Native Title & the Yorta Yorta
Native Title & the Yorta Yorta claim
Two years after the historic Mabo case, the Yorta Yorta people brought the issue of Native Title back into the national spotlight.
In 1992, the Mabo case led to the development of the Native Title Act (NTA) and Tribunal. In February 1994, the Yorta Yorta people were one of the first Indigenous groups in Australia to make a native title claim:
Our mob knew we were taking a chance trusting the system of the white man...but this is like an annihilation of our culture.
– Monica Morgan, Yorta Yorta group coordinator
The NTA gave
hope to Aboriginal communities all over the country who – like the Yorta Yorta
people – made claims to the government in an attempt to regain the land that
had been taken from them after European settlement.
There was a real fear in the general public, however,
that Native Title would lead to claims being made on people's personal
property. In reality, the NTA only allowed claims to be made on unoccupied, crown land – which the Yorta Yorta land was.

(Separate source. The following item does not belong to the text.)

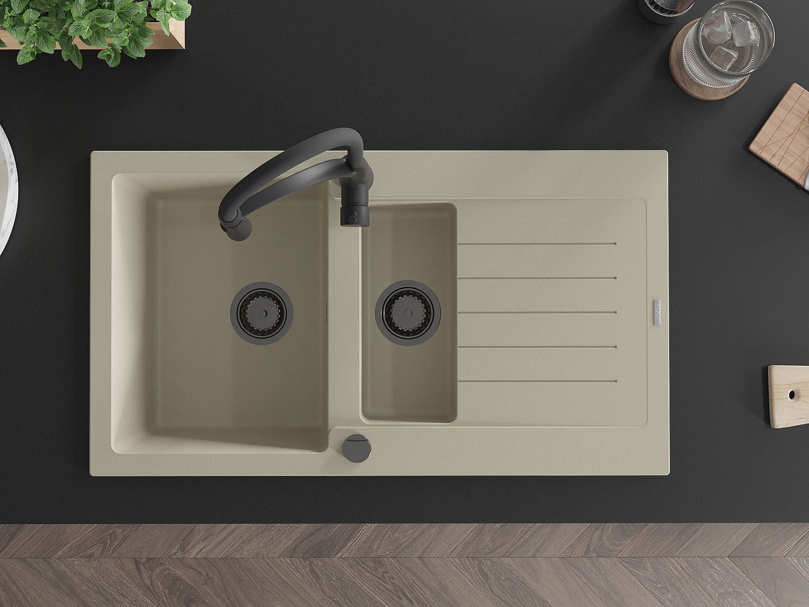 Suprafața chiuvetei este rezistentă la pete și decolorarea, datorită căreia este ușor de curățat și își păstrează culoarea mult timp. Estetică și practic completarea fiecărei bucătării.

In order to prove native title, Indigenous communities
needed to show that they had an uninterrupted connection to the land, and that
they observed traditional laws and customs on the land itself.
This was in many cases difficult to prove. On the one
hand Indigenous history and culture relies on an oral rather than a written
tradition. On the other, the traditional lives of Victorian Aborigines had
changed beyond recognition since the arrival of European settlers. This
resulted in the loss of language, cultural practices and land.

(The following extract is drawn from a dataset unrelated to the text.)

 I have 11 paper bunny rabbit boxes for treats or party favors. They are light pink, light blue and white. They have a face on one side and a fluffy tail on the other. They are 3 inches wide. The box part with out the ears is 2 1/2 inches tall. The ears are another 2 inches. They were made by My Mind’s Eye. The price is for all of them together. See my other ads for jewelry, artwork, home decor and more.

In the Yorta Yorta claim, the Federal Court of
Australia ruled against them. The 1998 ruling was largely due to a conservative
and controversial intepretation of the writings of Edward Curr, a squatter who recorded many
observations of Aboriginal life in 1850s.
However, the Yorta Yorta people weren't discouraged. They
persisted with their claim for the next ten years, and in doing so raised many
questions about the Native Title Act, and
the ways in which the Australian legal system assessed the validity of Indigenous
ties to the land.
In December 2002, the High Court upheld the decision
of the Federal Court in determining that the 'tide of history' had washed away
and thereby extinguished the Yorta Yorta native title rights.
In
April 2004, however, the Bracks government announced a cooperative agreement
with the Yorta Yorta people that included recognition of public land, rivers
and lakes throughout north-central Victoria.